Uber is one of hundreds of network orchestrators that reached unicorn status. Uber is also a niche conglomerate. Uber develops, markets and operates the Uber mobile app, which effectively makes it a network orchestrator. Uber is leveraging this intellectual capital to create a variety of lucrative (albeit large) niches. For example, Uber is mainly known for connecting drivers with passengers in an innovative way. But UberRush provides courier services and UberEATS provides food delivery. UberRush can even allow online shoppers to get same-day delivery of goods through both UberRush couriers and Uber drivers. Each Uber niche leverages the core intellectual capital of the company.

As a startup, Uber has created more than $50 billion in value in just a few years.

I chose to pay attention to such occurrences and created a unicorn in less than 3 years.

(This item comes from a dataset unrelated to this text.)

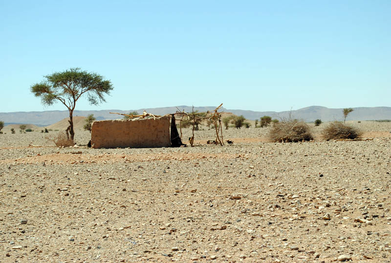 Cruzamos la llanura del accidentado del pasado año un poco más al norte del track, siguiendo un camión, y pasamos el pueblo en que lo atendieron. Pistas cada vez más rápidas, por las que agradecimos sobre todo que habían arreglado zonas pedregosas, hasta llegar a las obras de la carretera de Zagora, a las que subimos para buscar «desde lo alto» un sitio en el que comer.

But creating unicorns are risky and ultimately requires the founders to bet more than they can lose. I’m spending almost all of my time these days creating rhinos.

A rhino is a network orchestrated startup that gets valued in the $200-500 million range. These are instant companies that take 1-2 years to create. As a founder I expect to own 10-20% of the rhino once it begins operating. Rhinos take some capital to arrange, but nothing like acquiring mid-sized companies. The two rhinos I’m launching now have required me to invest less than $250k in total.

Let’s do the rhino math. By investing $100-150k, I can increase my net worth $20-100 million. In less than 2 years. I want to hear from people who can achieve these metrics in the acquisitions game. I’m really good at acquisitions, and it takes me 5-7 years to achieve a fraction of the rhino returns. And I have to bet way more $$$ upfront with acquisitions than rhinos.

I think most rhinos involve re-arranging a global value chain to make it more efficient. As I write this I’m creating a rhino that enables sellers and buyers of a certain product to connect with each other for the first time. My role is to build the system in which both sides will meet, clear the political/other noise that always seems to stand in the way of efficiency, and then structure extremely compelling value propositions for the parties. My math says this network will generate about $350 million in EBITDA in year 1. I expect to double this number in 3 years.

Talk about creating an instant company with little upfront investment. It’s a rhino to me because I get 10% of the profits for arranging the network. And I get these profits for as long as the network operates. I fully expect this network will last for 10-20 years, or until someone creates a better model.

So now you know how I work for $100k+ per hour, and why I no longer acquire companies.